Effects of specific dietary sugars on the incorporation of 13C label from dietary glucose into neutral sugars of rat intestine and serum glycoproteins.

Although theoretically all glycoprotein sugars can be derived from glucose, it may be hypothesized that specific dietary sugars could be preferential substrates for glycoprotein synthesis. To test this hypothesis, groups of rats received either continuously (continuous-labelling experiment) or for a single nutritional period (pulse-labelling experiment) a 13C-rich diet containing either maize starch or artificially labelled [13C]glucose. Some groups of rats were also provided during a single nutritional period with low amounts (20-200 mg/animal) of low-13C dietary sugars (mannose, galactose, fucose or fructose). If specific dietary sugars were preferentially incorporated into glycoproteins instead of glucose-derived labelled sugars, a decrease would be expected in the intestinal or serum glycoprotein-sugar 13C enrichment monitored by gas chromatography-isotope-ratio mass spectrometry (GC-IRMS). Contrary to this hypothesis the results showed no significant decrease with any of the specific dietary sugars. Furthermore, with dietary low-13C mannose or galactose, a significant increase in 13C enrichment of glycoprotein-sugars was observed compared with some other nutritional groups. Moreover, in the pulse-labelling experiment, dietary mannose and galactose induced similar patterns of 13C enrichment in intestinal and serum glycoprotein-sugars. Therefore, although specific dietary sugars do not appear to be preferential substrates for glycosylation under conditions and doses relevant to current concepts of nutrition, regulatory roles of some specific dietary sugars in relation to glycoprotein-sugar metabolism might be hypothesized. These findings could lead to similar studies using stable-isotope methodology in man which could have practical consequences, especially in parenteral nutrition where glucose is the only sugar provided to the metabolism.

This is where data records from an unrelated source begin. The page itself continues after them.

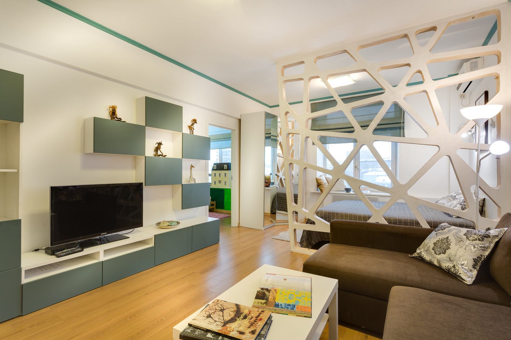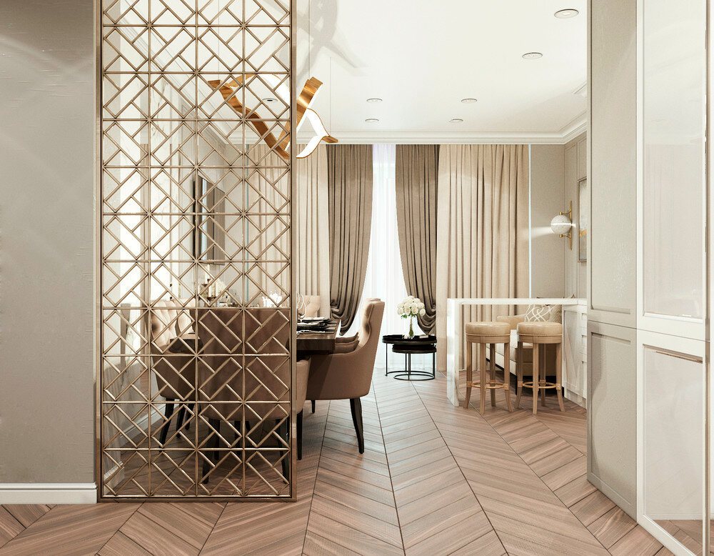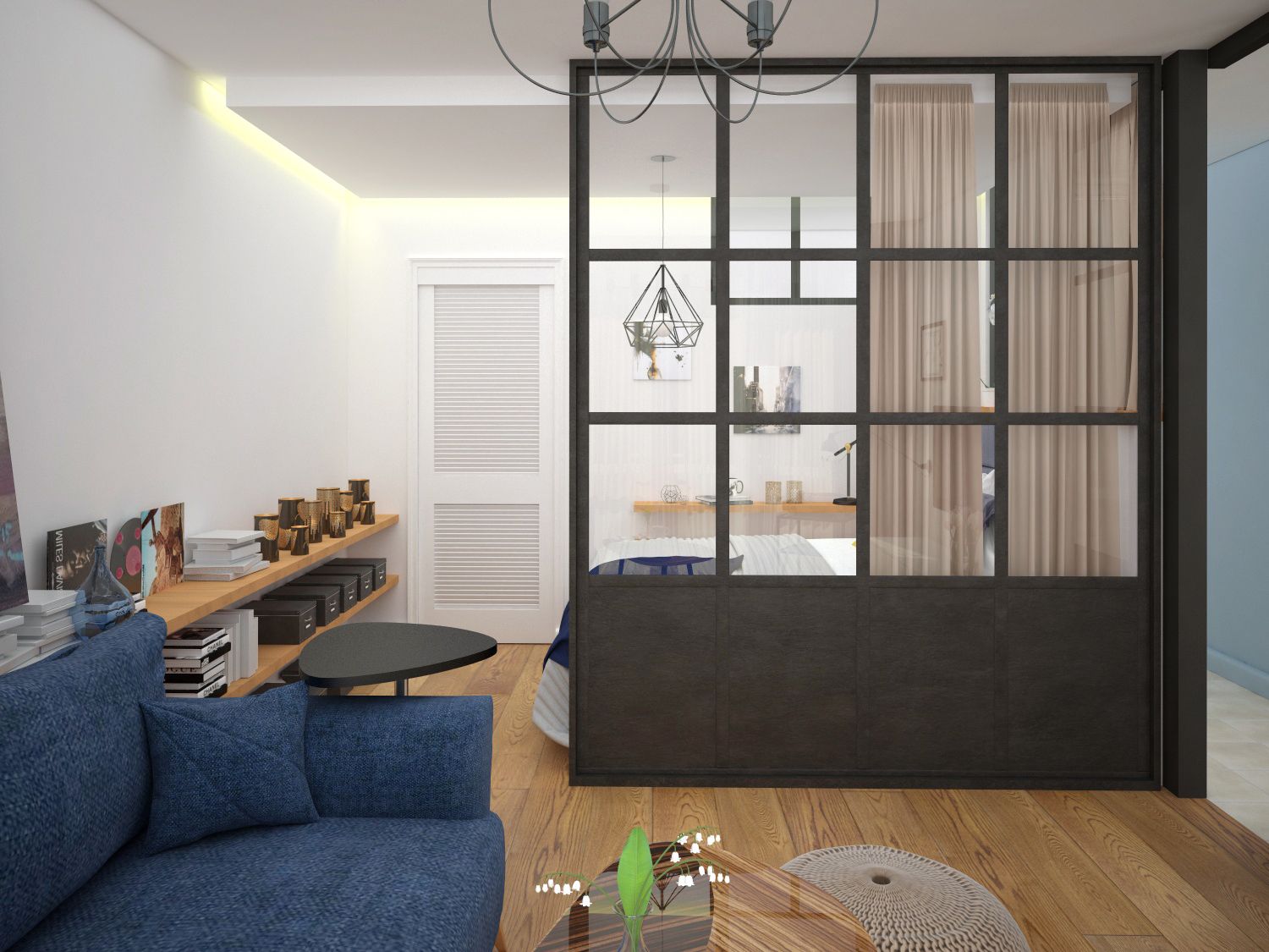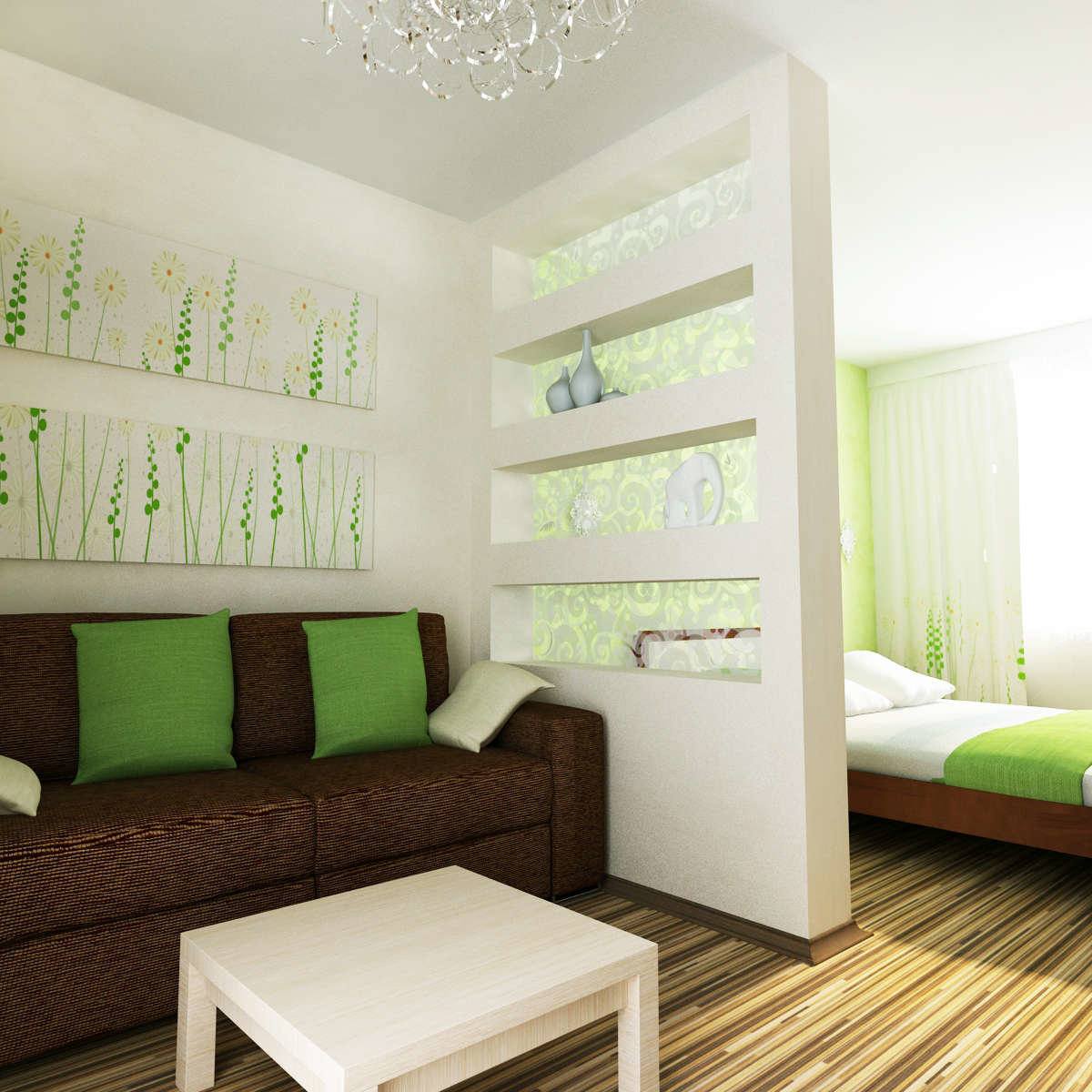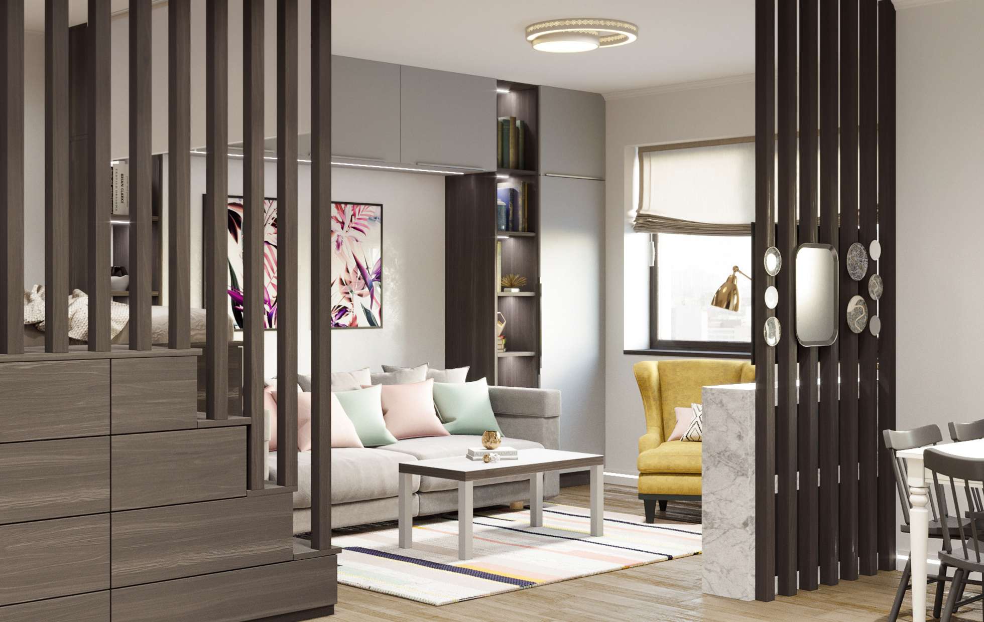 Чаще всего в студии делают перегородки между кухней и гостиной. Возводить цельную стену довольно трудозатратно, можно отделить эти зоны легкой конструкцией, которая не будет уменьшать пространство.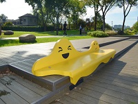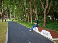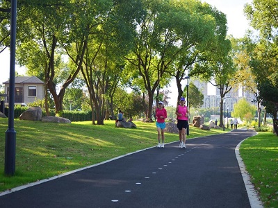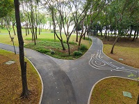 利用现状道路基础,提升并形成由跑步道与漫步道所构成的慢行绿道体系;将无障碍化贯穿整体公园道路体系,重塑一条健康友好的5.6km跑步道,同时在途经金城湾的各主要片区连接打造观光车体验道,提供不同的环湖体验视角;针对慢行绿道体系,将大量原有不合适铺装道路调整为灰色沥青路面样式,同时增加热熔点线、特色图案、专属标线等作为漫步道与跑步道的区分并提升道路景观效果。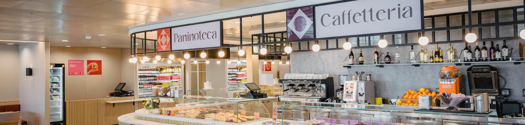 A bordo delle nostre navi potrai usufruire di un eccellente servizio caffetteria, ideale per colazioni, pause caffè e aperitivi.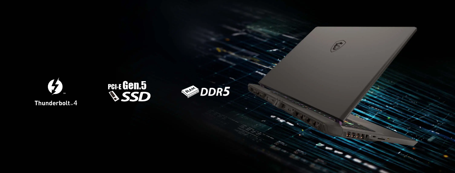 Gamingowe laptopy MSI zostały stworzone z myślą o graczach. Dzięki dużej rozdzielczości i wysokiej częstotliwości odświeżania sprawiają, że świat gier staje się dużo bardziej realistyczny i bardziej płynny niż kiedykolwiek wcześniej. Wyobraź sobie, że możesz jednocześnie pracować lub grać na kilku wyświetlaczach. Dzięki złączom HDMI™ 2.1, Thunderbolt™ 4 i USB Type-C jest to możliwe.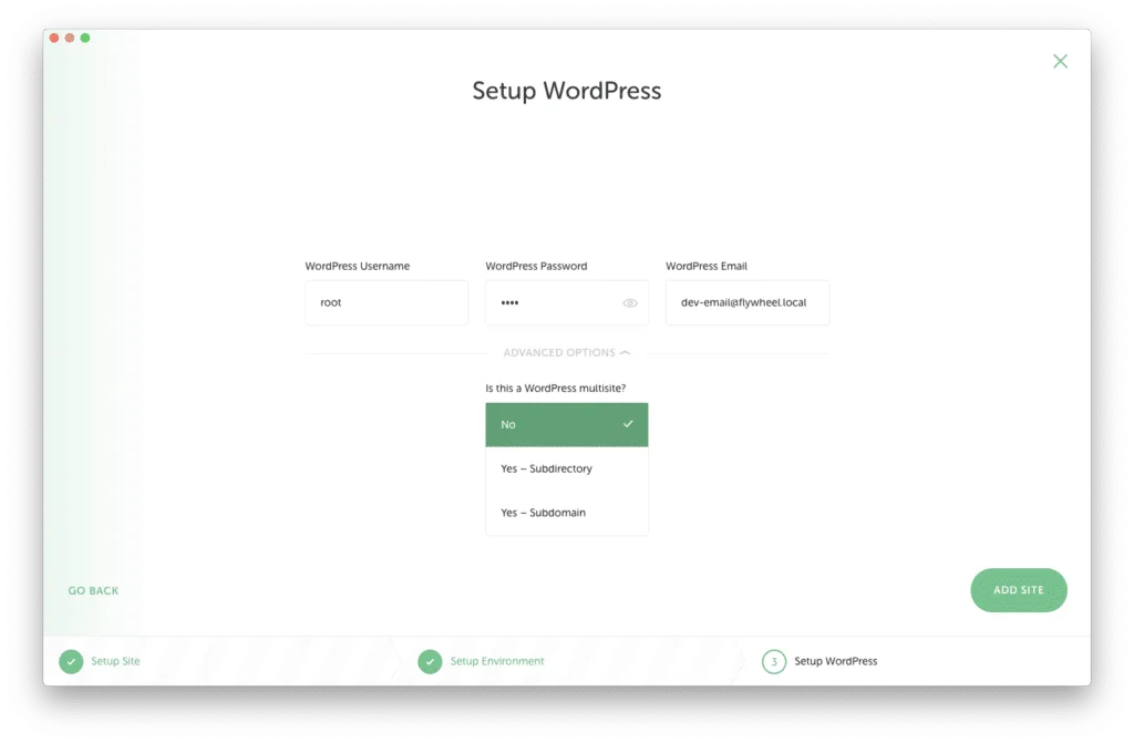 On this screen, you’ll create a WordPress username, a secure password, and an admin email address. Under Advanced Options, you can also specify if you’d like this installation to be a multisite setup. Then, hit the Add Site button.
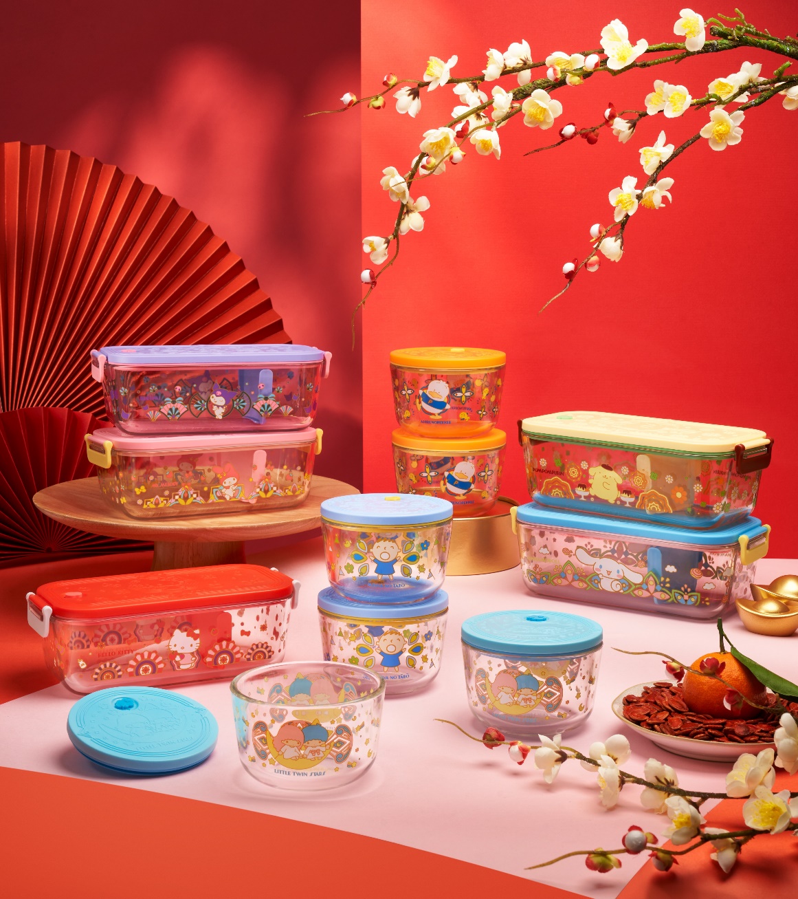 | 1. Bright & Blessed New Year Set This vibrant red box set includes four bright and colourful Best Wishes Leakproof Glass Container styles and two types of Lai See Packets featuring Hello Kitty and Minna no T?b? to wish one and all a lucky and prosperous Year of the Rabbit! The set includes the following four selected Best Wishes Leakproof Glass Container styles: | 2. Abundant Fortune New Year Set This stylish purple box set includes four pastel pink and blue Best Wishes Leakproof Glass Container styles and two types of Lai See Packets featuring Hello Kitty and Minna no T?b? to share abundant blessings over the festive season. The set includes the following four selected Best Wishes Leakproof Glass Container styles: |

Dietary specific sugars for serum protein enzymatic glycosylation in man.

All glycoprotein sugars can theoretically derive from glucose. However, dietary specific sugars could represent preferential substrates or have regulatory roles in enzymatic glycosylation. This hypothesis was tested in man using stable isotopes. Healthy subjects ingested different amounts (150, 300, or 550 mg) of artificially 13C-enriched sugar (galactose, mannose, or glucose) diluted in 200 mL water containing 50 g 13C-poor sucrose. 13C enrichment of expired CO2 was monitored for 8 hours during indirect calorimetry. Serum glycoproteins were precipitated and delipidated at various intervals. Glycoprotein neutral sugars were obtained by acidic hydrolysis, purified by ion-exchange chromatography, derivatized to alditol acetates, and analyzed by gas chromatography-isotope ratio mass spectrometry. The oxidation rate for galactose and mannose was slower than the rate for glucose. Total oxidation over the 8-hour period was less than 10% of the ingested amount of galactose or mannose. Galactose and mannose were readily incorporated into glycoprotein glycans, in the native form or after interconversion, despite ingestion of a large excess of sucrose: glycoprotein sugar 13C enrichment was strongly higher after 13C-galactose or 13C-mannose than after 13C-glucose. Thus, the metabolism of these three sugars appears to be different. Specific dietary sugars could represent a new class of non essential nutrients displaying interesting metabolic roles. This could have practical consequences especially in parenteral nutrition, where glucose is currently the only sugar available for metabolism.